Given the scant California case law interpreting a person's constitutional right to privacy, this Court would likely have to engage in further interpretation of the California Constitution and its Privacy Initiative to determine whether Burbank's actions traversed into constitutionally protected territory. There is a very real possibility that the Court would set persuasive precedent for later state and federal decisions that might not accord with what California state courts would have concluded. Considering these concerns, California state courts are much better suited to deal with this emerging issue and to refine the necessary framework for resolving it.

The common-law invasion-of-privacy claim presents a slightly weaker comity issue, since the claim rests on fairly well-settled common law. But as the California Supreme Court noted, the common-law and California constitutional right-to-privacy sources "are not unrelated." Shulman v. Grp. W Prods., Inc., 18 Cal.4th 200, 227 (1998). In fact, the court drew extensively "upon the one hundred years of legal experience surrounding the term `privacy'" in interpreting the constitutional right to privacy at issue in Hill. 7 Cal. 4th at 23-27. Therefore, the court that ultimately rules upon Perez's constitutional right-to-privacy claim should likewise adjudicate his common-law claim as well. Here, that would be the state court.

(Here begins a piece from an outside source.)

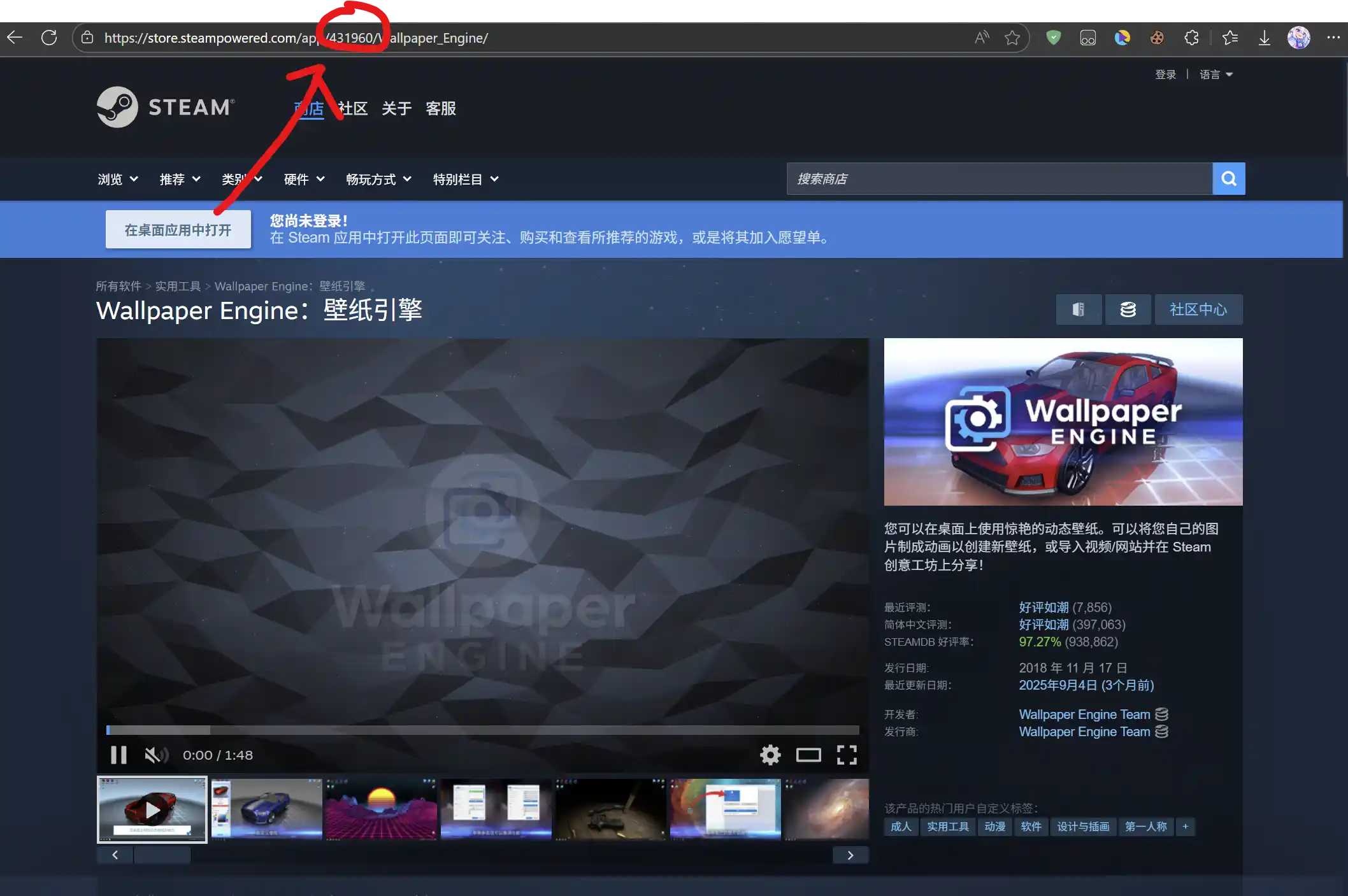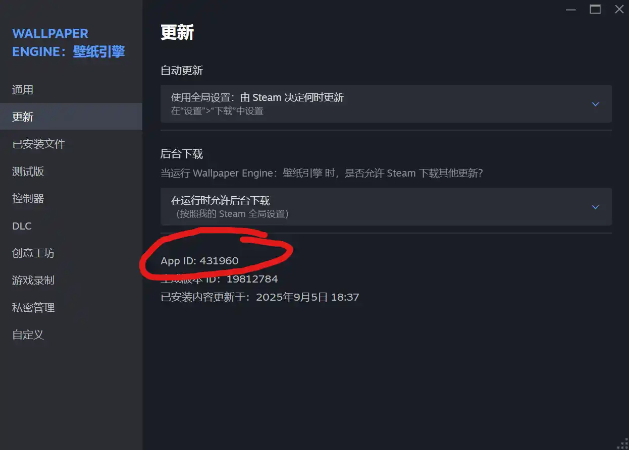 例如Wallpaper Engine:壁纸引擎的App ID为431960

But Perez's claims for intentional and negligent infliction of emotional distress present a different situation. From his allegations, one can discern that these claims are largely derivative of the facts underlying Burbank's alleged "discrimination, retaliation and harassment" set forth in his federal discrimination claim. (See Compl. ¶ 42.) Since the Court must exercise jurisdiction over the discrimination claim, it should prevent a needless duplication of judicial effort and accordingly keep the emotional-distress claims as well.

As Defendants argue, the Court understands that remanding some of Perez's state-law claims creates somewhat piecemeal litigation, since there will now be two actions pending in different courts involving essentially the same facts. But since the Court parsed the claims out, each court does not necessarily have to be concerned with ruling inconsistently with the other. For example, this Court could easily find that Burbank violated the CRA through her actions, while the state court could determine that Burbank did not violate Perez's privacy right. The different claims are essentially distinct "wrongs," stemming from diverse protectionist concerns. The Court's concerns about breaking up this action are therefore assuaged.

V. CONCLUSION

For the reasons discussed above, the Court GRANTS IN PART Perez's partial Motion to Remand (ECF No. 8.) and REMANDS his wrongful-termination and invasion-of-privacy claims back to Los Angeles County Superior Court, case number BC533030. But the Court retains jurisdiction over Plaintiff's CRA and emotional-distress claims.

IT IS SO ORDERED.

FootNotes


1. After carefully considering the papers filed in support of and in opposition to the Motion, the Court deems the matter appropriate for decision without oral argument. Fed. R. Civ. P. 78; L.R. 7-15.